Первый и самый естественный из них: по чьей инициативе возникла сама идея использовать русский фольклор? Проще всего думать, что такую мысль подал Бетховену граф Разумовский. Однако, зная биографию Андрея Кирилловича, который большую часть жизни провел за границей и ощущал своим домом Вену, трудно поверить в его внезапно возникшее пристрастие к песням далекой родины, будь то Украина или Россия. Никакой ностальгией он не страдал и, в отличие от собственных отца и дяди, не привечал у себя во дворце украинских бандуристов, зато взял под свое покровительство лучший в Европе квартет Шуппанцига. Настаивать на том, чтобы Бетховен непременно использовал в своих квартетах подлинные народные песни, со стороны Разумовского выглядело бы странной причудой. Никто из других меценатов, ни русских, ни венгерских, никогда не ставил перед композитором подобных условий. Более того, хотя Разумовскому посвящали свои произведения другие композиторы, ни один из них не обращался к русскому фольклору.
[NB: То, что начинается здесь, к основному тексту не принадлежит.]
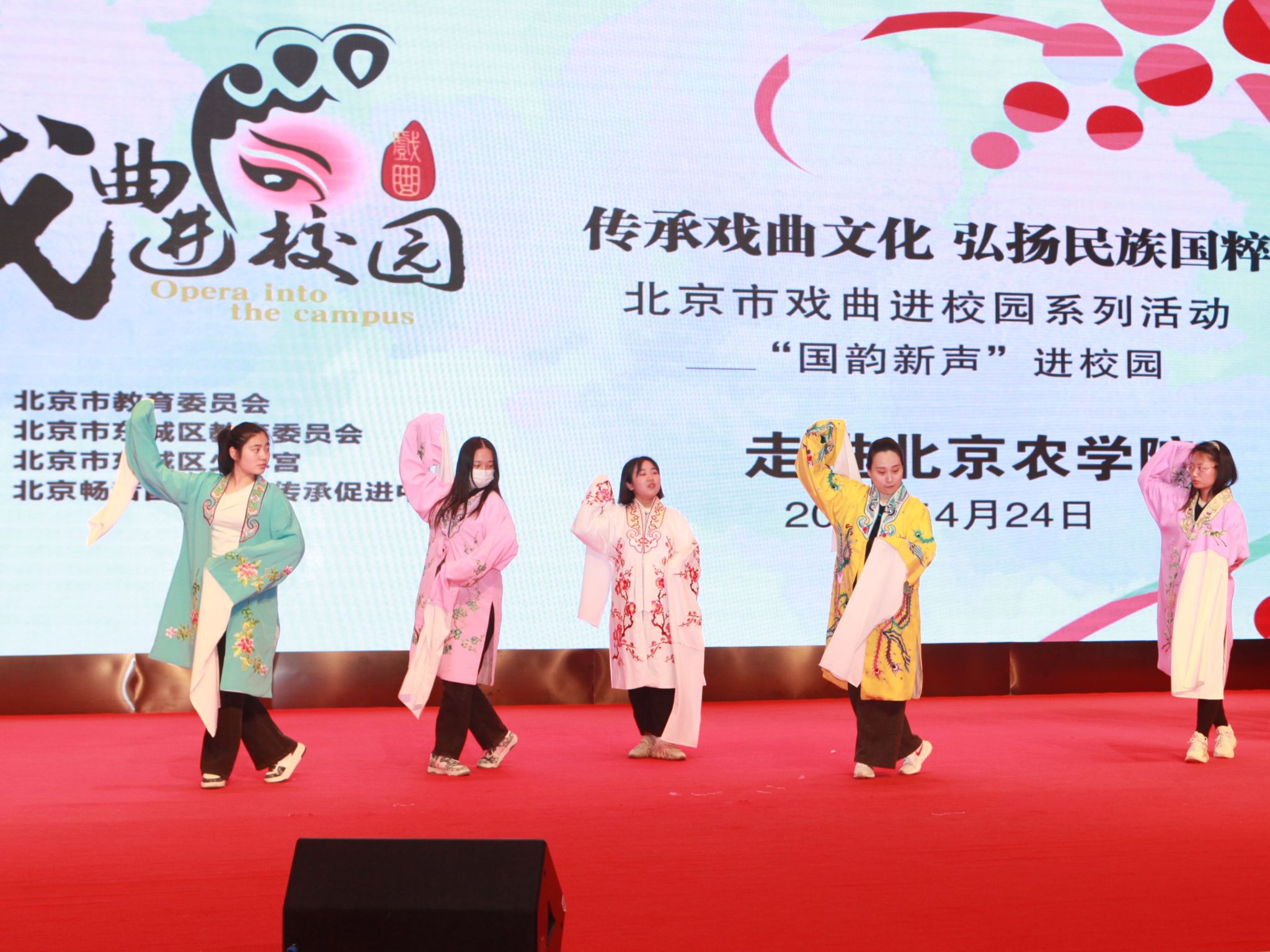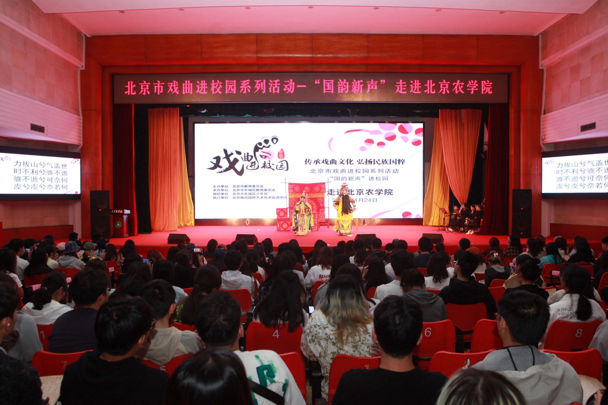 4月24日,北京市戏曲进校园系列活动之“国韵新声”走进北京农学院。我校师生代表以及来自北京化工大学、华北电力大学等高校的学生代表共600余人同赏国粹芳华,共享文化盛宴。

Народных мелодий нет ни в трех квартетах Франтишека Кроммера ор. 68 (1809), ни в квартете Шпора ор. 27 (1812), ни в двух квартетах Вайса ор. 8 (1814).

Если Разумовский и мог обратить внимание Бетховена на народные песни, то, скорее всего, в виде ненавязчивого предложения, на которое композитор охотно откликнулся.
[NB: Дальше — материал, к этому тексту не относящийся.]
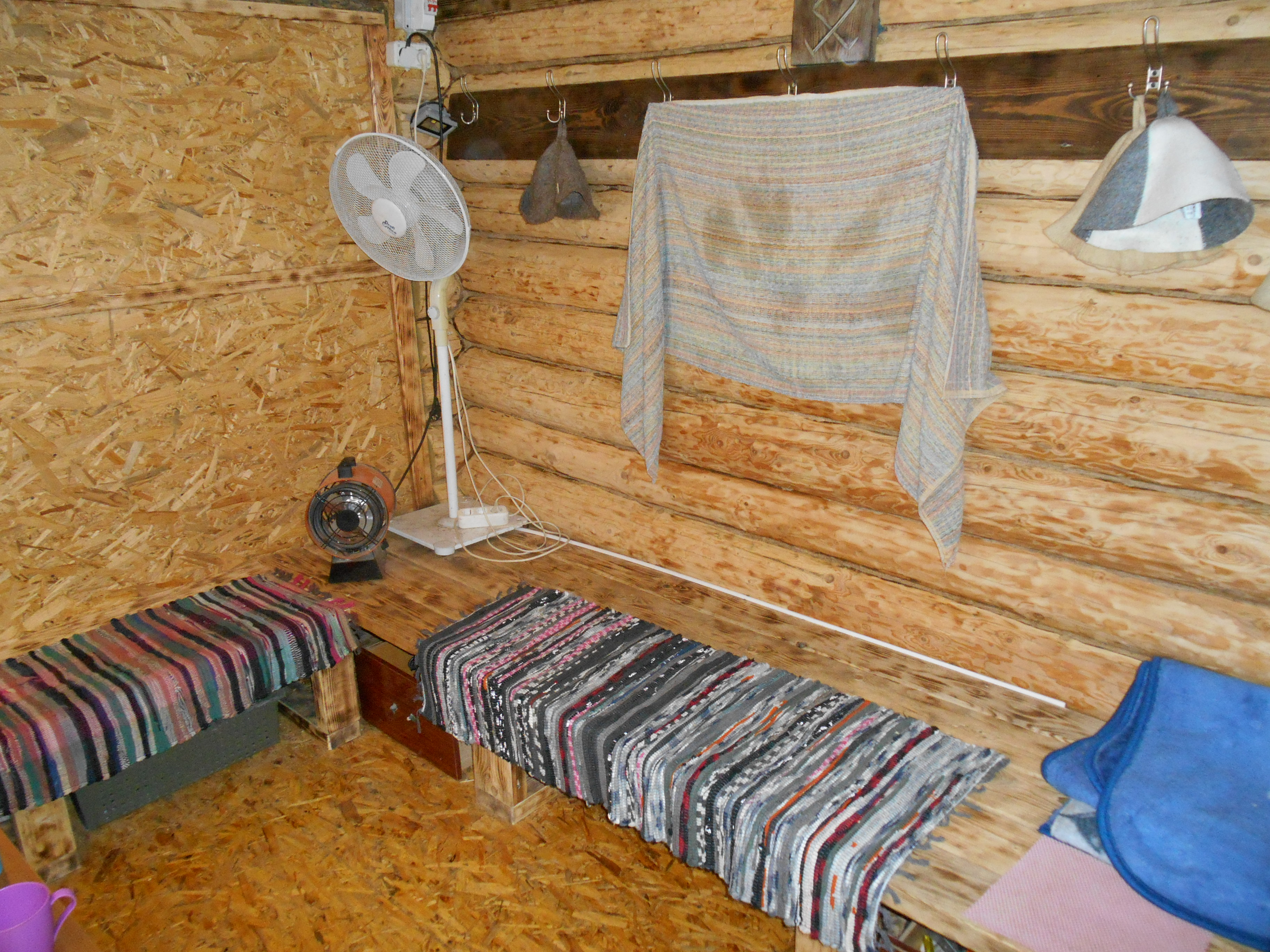 В доме пока ничем, в предбаннике, что по той же столбчатой схеме смесью опилка, суглинка и цемента

Еще одна группа вопросов связана с источником, которым пользовался Бетховен. Сам источник прекрасно известен: это был изданный в 1790 году в Петербурге сборник Николая Александровича Львова (1753–1803/1804[251]) «Собрание народных русских песен с их голосами». На титульном листе вслед за приведенным заглавием значилось: «На музыку положил Иван Прач». Однако авторство Львова, не афишировавшееся им самим, вовсе не было тайной для близких к нему людей. Иван Богумир (Иоганн Готфрид) Прач (ок. 1750–1818), музыкант чешского происхождения, композитор, пианист и педагог, сделал лишь гармонизации мелодий, отобранных Львовым. Хотя в 1806 году, когда Львова уже не было в живых, последовало второе издание сборника, а в 1815-м – третье, Бетховен при сочинении квартетов ор. 59 пользовался, по-видимому, только первым. И ясно, что ниоткуда, кроме библиотеки Разумовского, Бетховен этот сборник получить не мог. В таком случае интересно выяснить, что связывало Львова и Разумовского и почему Разумовский решил привлечь внимание Бетховена именно к этому сборнику.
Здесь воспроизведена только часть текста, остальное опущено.